Washington map showing locality

23 VI 1990: On June 23, I felt moderately rested from the California marathon, and Larry McTigue felt a sudden "beach craving," so we visited three beaches in the area south of Bellingham. These included Larrabee State Park and Clayton Bay on Chuckanut Drive, and a very little-known public access beach at the west end of Samish Island (which is connected to the mainland north of Padilla Bay). At the latter site I found my second specimen of the "seaside earwig" Anisolabis maritima. There were a few interesting spiders on the weirdly-sculptured sea cliffs north of Clayton Bay, and we also visited two sites especially for spider collecting: some roadside fields on Bay View Ridge and a salt marsh in the tidal section of the Samish River.

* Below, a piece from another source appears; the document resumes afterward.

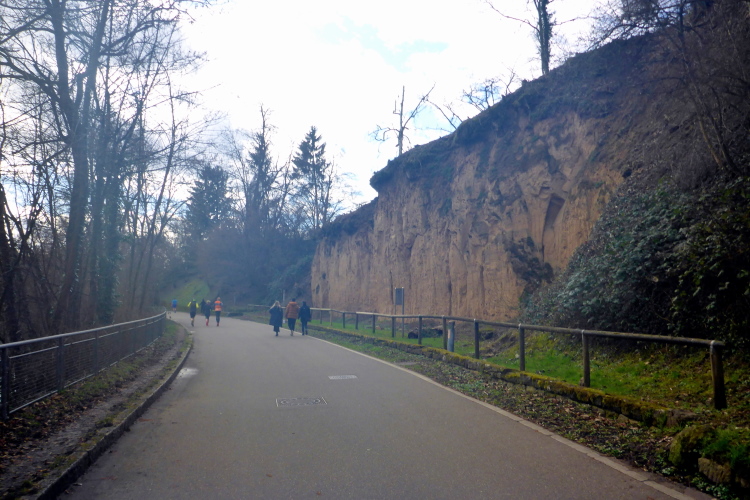 Nur wenige hundert Meter später erblicke ich das „Golden Gatele“, über das wir in Kürze zum dritten Mal auf die andere Seite des Neckars wechseln werden. Errichtet wurde der Max-Eyth-Steg 1989 als Hängebrücke, die von zwei Masten getragen wird. Der 114 Meter lange Steg wird von mehreren Stahlseilen gehalten und ähnelt tatsächlich etwas der Golden Gate Bridge, auch wenn diese natürlich ganz andere Ausmaße vorweisen kann. Auf der anderen Seite erreichen wir den Ortsteil Münster und laufen nun an den besten Weinlagen Württembergs, dem Cannstatter Zuckerle entlang, jedoch nie, ohne den Neckar aus den Augen zu verlieren. Weiter geht es in Richtung Bad Cannstatt. Die „Rakete“ wartet auf uns.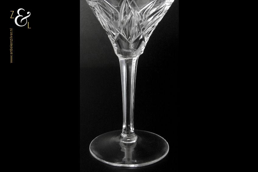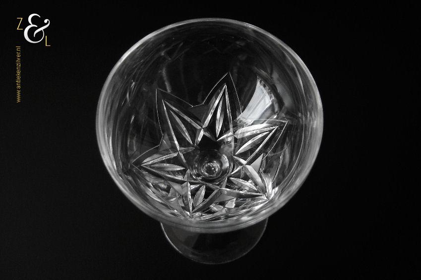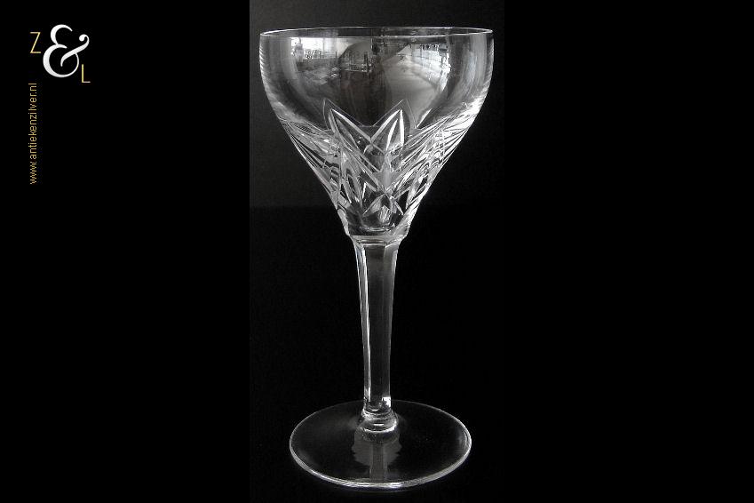 Dit wijnglas is gemaakt in Nederland en stamt uit de tweede helft van de 20e eeuw omstreeks de zestiger- zeventiger jaren. Het in Art Deco stijl en in helder kristal vervaardigde wijnglas heeft een ronde voet, zeskantige steel en een kelk met daarop een handgeslepen stermotief. Het wijnglas weegt 168 gram en is 14.5 cm hoog. De kelk heeft een diameter van 7.5 cm de voet heeft een diameter van 6.5 cm. Het wijnglas heeft gebruikssporen (krasjes in de kelk).

Washington map showing locality

8 VII 1990: Things have been quieter since May, but I have managed to get out a few times. Most recently, I accompanied the Native Plant Society to Quartz Mountain and vicinity, south of Cle Elum. This was actually supposed to be a joint trip with the Scarabs which yr editor quite forgot to announce (mea culpa, mea culpa...culpa culpa, mea mea). Even without notice, Scarabs Kirk, Lucian, Adams, and Albright (besides me) showed up. Even though the itinerary was the "hippity-hop" type of a typical butterfly trip, 6 sites in as many hours, some interesting spiders were still taken, including one new one from the 6290-foot summit of Quartz Mountain. By the way, does anyone know the significance of the fenced enclosure there, with some arcane metal structure in the middle and radioactive-warning signs around?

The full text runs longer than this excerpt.